В целом же упоминания о библейском Сатане редко встречаются в русских источниках, текстовых и иконографических. Как отмечают исследователи, чаще можно видеть описания и изображения не дьявола как такового, а мелких бесов, о которых говорится в заклинаниях, и кроме того, небольших черных остроголовых и крылатых демонических существ, чьи невыразительные силуэты попадаются на иконах, но лишь в том случае, если этого требует сюжет. Если святой Николай изгоняет беса из колодца, этот эпизод его жития снабжается соответствующей иллюстрацией [Антонов, Майзульс 2011; Worobec 2001: 42–45]. Сам Сатана появляется на иконах со сценами Страшного суда – такой же темный и невыразительный. Он надежно закован в цепи внутри адской пасти, что символизирует торжество Бога над смертью.
Рис. 3.1. Феофил и дьявол: великолепная фреска 1716 года в западной галерее церкви Ильи Пророка (Ярославль), изображающая монаха Феофила в момент продажи души дьяволу. Из книги: [Первухин 1915]
Рис. 3.2. Клеймо иконы «Житие святителя Николая»: святой Николай изгоняет беса из колодца. Московская школа. Начало XVII в. Государственный Эрмитаж, Санкт-Петербург. Инвентарный номер ERI-84. © Государственный Эрмитаж. Фото Владимира Теребенина, Леонарда Хейфеца, Юрия Молодковца.

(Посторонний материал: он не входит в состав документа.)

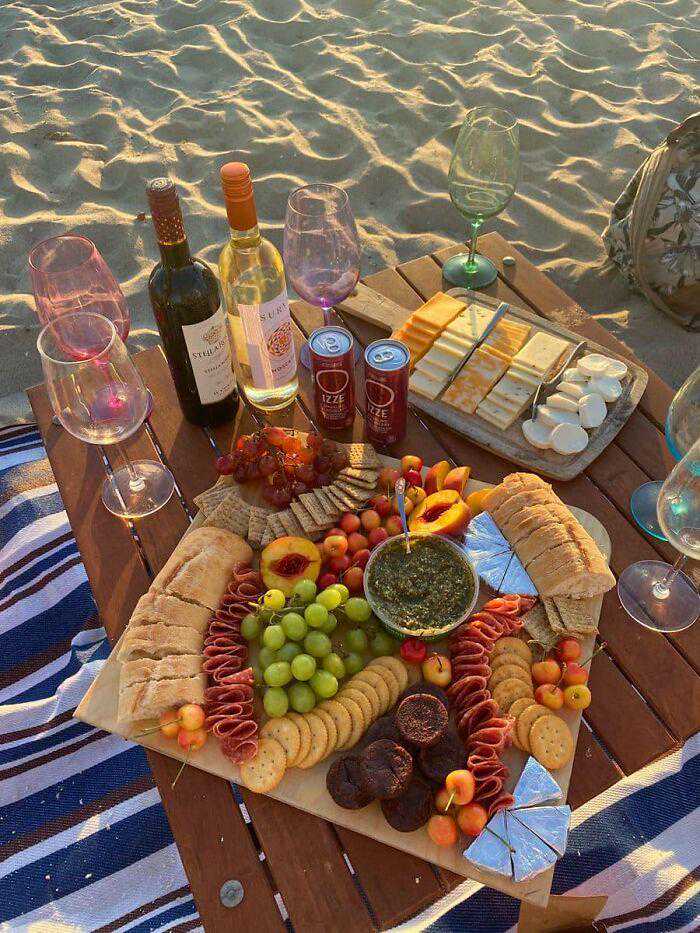 21、沙滩上,我享受着悠闲的时光,面前摆放着各式诱人的美食。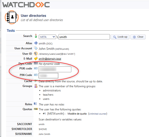 Since version 6.1.4926, identification codes (PUK, PIN, etc.) are included in the data covered by the "View user identities" administration role.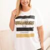 Kui otsid mugavat, kuid originaalset pluusi igapäevaseks kandmiseks – see valik köidab kindlasti sinu tähelepanu! Naiste lühikeste varrukatega pluus, mida kaunistab värviline patchwork-stiilis trükis, on ideaalne mugavuse ja linnamoe kombinatsioon. Ees on pilkupüüdev, kontrastne “Brooklyn New York” trükis, mis lisab disainile modernse hõngu. See mudel sobib hästi nii vabaaja riietusega teksadega kui ka mugava alusena baikerjaki või kardigani all. Tänu laiale lõikele langeb see kenasti üle figuuri ja pehme puuvillarikas kangas tagab mugavuse terveks päevaks. Mõeldud naistele, kes kannavad suuri suurusi – XXL, XXXL ja suuremaid.
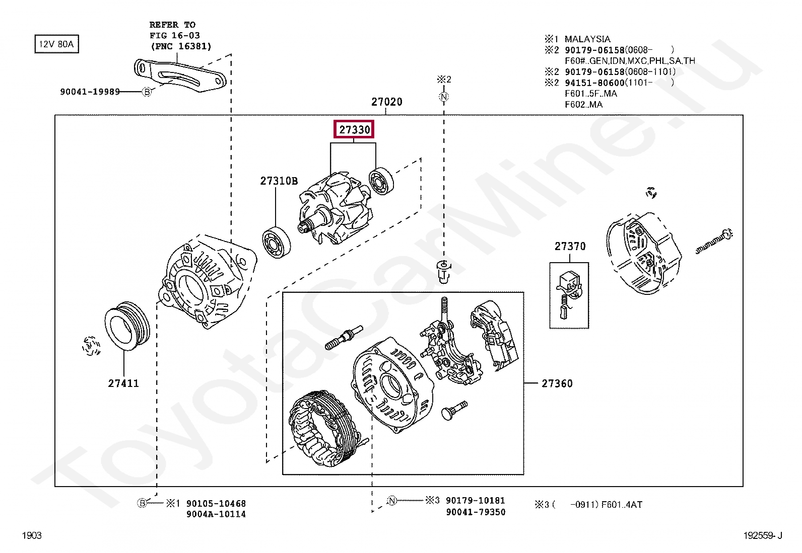 27330-BZ030, ROTOR ASSY, ALTERNATOR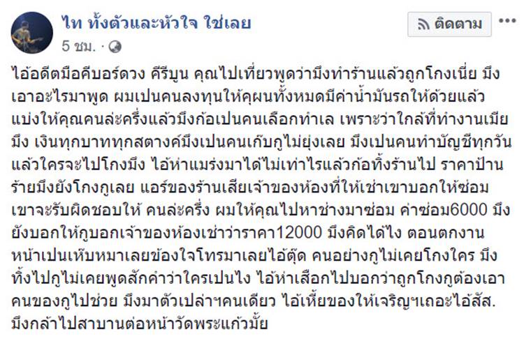 "ไอ้อดีตมือคีย์บอร์ดวง คีรีบูน คุณไปเที่ยวพูดว่ามึงทำร้านแล้วถูกโกงเนี่ย มึงเอาอะไรมาพูด ผมเป็นคนลงทุนให้คุณทั้งหมด มีค่าน้ำมันรถให้ด้วย แล้วแบ่งให้คุณคนละครึ่ง แล้วมึงก็เป็นคนเลือกทำเล เพราะว่าใกล้ที่ทำงานเมียมึง เงินทุกบาททุกสตางค์มึงเป็นคนเก็บกูไม่ยุ่งเลย มึงเป็นคนทำบัญชีทุกวันแล้วใครจะไปโกงมึง ไอ้ห่าแมร่งมาได้ไม่เท่าไรแล้วก็ทิ้งร้านไป ราคาป้ายร้านมึงยังโกงกูเลย แอร์ของร้านเสียเจ้าของห้องที่ให้เช่าเขาบอกให้ซ่อมเขาจะรับผิดชอบให้ คนละครึ่ง ผมให้คุณไปหาช่างมาซ่อม ค่าซ่อม 6,000 มึงยังบอกให้กูบอกเจ้าของห้องเช่าว่าราคา 12,000 มึงคิดได้ไง

В нравоучительных и литературных произведениях есть упоминания о связи между магическими практиками и дьяволом, но этот мотив был лишь скромной составляющей представлений о магии в Московском государстве. Многочисленные нити сплетались и расплетались, складываясь в сложную, запутанную и изменчивую структуру, характерную для России раннего Нового времени, но никогда не составляли однородной ткани. Случай в Добром показывает, что русская магия в том виде, в каком она практиковалась, хотя и внушала страх и осуждалась законом и обычаем, все же не имела под собой демонологических оснований[109]109
О сатанизме в русском колдовстве см. [Kivelson, Shaheen 2011].

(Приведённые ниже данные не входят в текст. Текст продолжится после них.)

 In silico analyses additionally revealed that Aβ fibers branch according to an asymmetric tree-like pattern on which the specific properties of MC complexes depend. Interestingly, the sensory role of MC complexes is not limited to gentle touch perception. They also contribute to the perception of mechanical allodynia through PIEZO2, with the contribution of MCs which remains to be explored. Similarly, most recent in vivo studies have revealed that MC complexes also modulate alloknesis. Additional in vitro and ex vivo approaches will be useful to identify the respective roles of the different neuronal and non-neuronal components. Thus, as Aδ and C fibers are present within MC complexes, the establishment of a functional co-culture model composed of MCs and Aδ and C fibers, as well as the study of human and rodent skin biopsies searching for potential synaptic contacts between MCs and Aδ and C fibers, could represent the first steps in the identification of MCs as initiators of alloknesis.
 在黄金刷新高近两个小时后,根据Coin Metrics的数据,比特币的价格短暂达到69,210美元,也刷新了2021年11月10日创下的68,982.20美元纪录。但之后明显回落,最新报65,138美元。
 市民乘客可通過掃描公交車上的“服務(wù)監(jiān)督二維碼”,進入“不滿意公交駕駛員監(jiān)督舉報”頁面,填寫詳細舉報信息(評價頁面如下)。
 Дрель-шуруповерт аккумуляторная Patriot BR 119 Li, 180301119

[Закрыть]. Сатану вызывали лишь в редких случаях, он не играл
большой роли и необязательно был связан с колдовством и магией. Отсутствие этой концептуальной связи имело далеко идущие последствия. Цель этой главы, где подчеркиваются разительные различия между русским и европейским пониманием магии, – не только в том, чтобы продемонстрировать характерные черты русских верований. Мы хотим также обозначить более существенную проблему, доказав, что эти различия были крайне важны, когда речь шла о конкретных вопросах жизни и смерти, и касались всех аспектов преследований по делам о колдовстве, будь то выбор жертвы, ход или цели процесса.

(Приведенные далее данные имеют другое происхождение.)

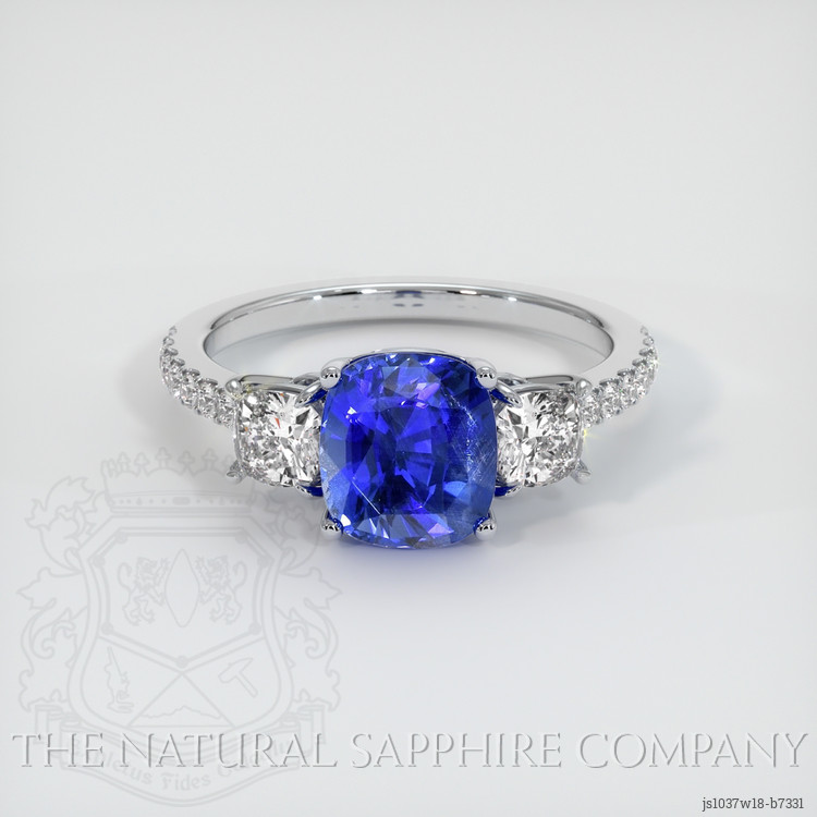 The ring features a beautiful, transparent 2.21 carat cushion shape blue sapphire with the dimensions of 7.63 x 6.87 x 4.90 mm and a mixed brilliant cut. It has a clarity grade of very slightly included (evaluated at eye level), vivid color saturation, and an excellent polish. The origin of this sapphire is Ceylon (Sri Lanka).
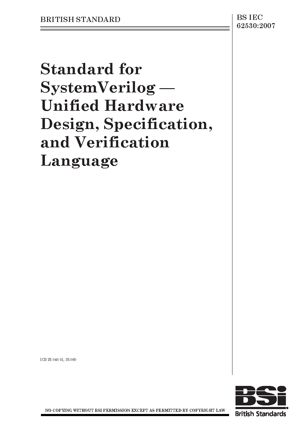 Standard for SystemVerilog. Unified hardware design, specification and verification language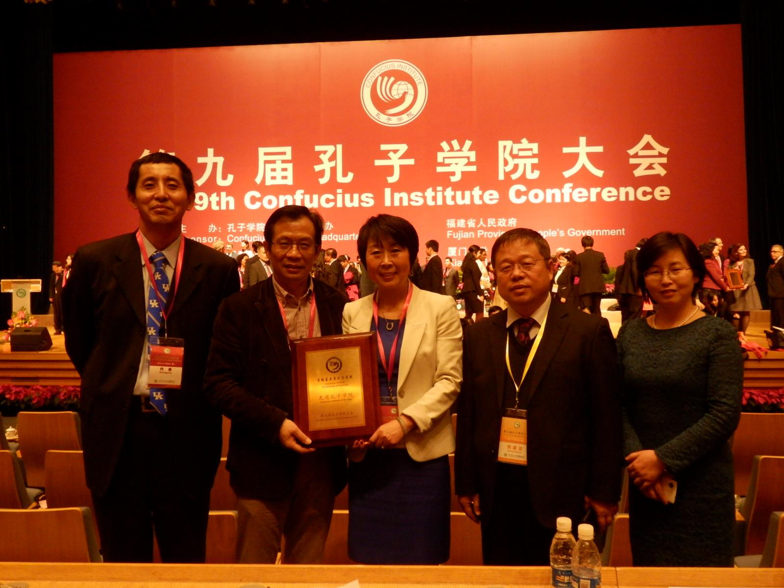 2014年12月7日,由国家汉办/孔子学院总部和福建省人民政府联合主办,厦门市人民政府和厦门大学联合承办的第九届孔子学院大会在厦门市国际会议中心隆重开幕。365完美体育副校长汪敏教授率国际交流学院姚喜明教授、外语学院阚怀未、国际事务处金祺等出席了大会。我校与海外五所合作大学共建的孔子学院中方院长及外方负责人等也飞赴厦门出席了大会。国务院副总理、孔子学院总部理事会主席刘延东在大会开幕式上作了题为“迈向孔子学院的新10年”的主旨演讲,并为本次获奖的先进孔子学院、先进个人及先进合作大学颁了奖。

Но вернемся в Доброе и посмотрим, как Давиду приходилось разбираться со своими коварными слугами в отсутствие дьявола. В ответ на челобитную священника, в которой он просил выяснить, откуда взялись коренья, царь велел воеводе допросить супругов. Мишка Киреев признал, что в горнице под потолком действительно были коренья и земля, но возложил вину на своего отчима Исайку Некиреева, драгуна в местном полку. По его словам, тот спрятал вредоносные предметы внутри дома в прошлом году, на Светлой неделе, «чтоб де он поп Давыд со всею семьею посохли, и от той сухотой болезни они померли». Его жена Аринка созналась, что по наущению тещи наслала порчу на жену и дочерей Давыда, подмешав отраву им в питье. Основываясь на этих признаниях, воевода приказал взять под стражу отчима Мишки и его жену Агрипенку. Когда воеводские люди вошли в дом драгуна, они обнаружили следующее: «Толченых трав в 12 узлах завязано да во 6 мешках травы ж, да от ружья заговор, написан в маленькой тетрадке, да пук разных пяти трав». Все четверо подозреваемых были «про порчу и про коренье роспрашиваны и пытаны», записи допросов отослали в Москву – в Разряд, и в Добром стали ждать дальнейших распоряжений. Улики выглядели пугающе, а обвинение было тяжким, и поэтому из Москвы пришло разрешение на пытки. Очевидно, власти и в Москве, и в Добром отнеслись к делу серьезно и вели себя со всей полагающейся строгостью.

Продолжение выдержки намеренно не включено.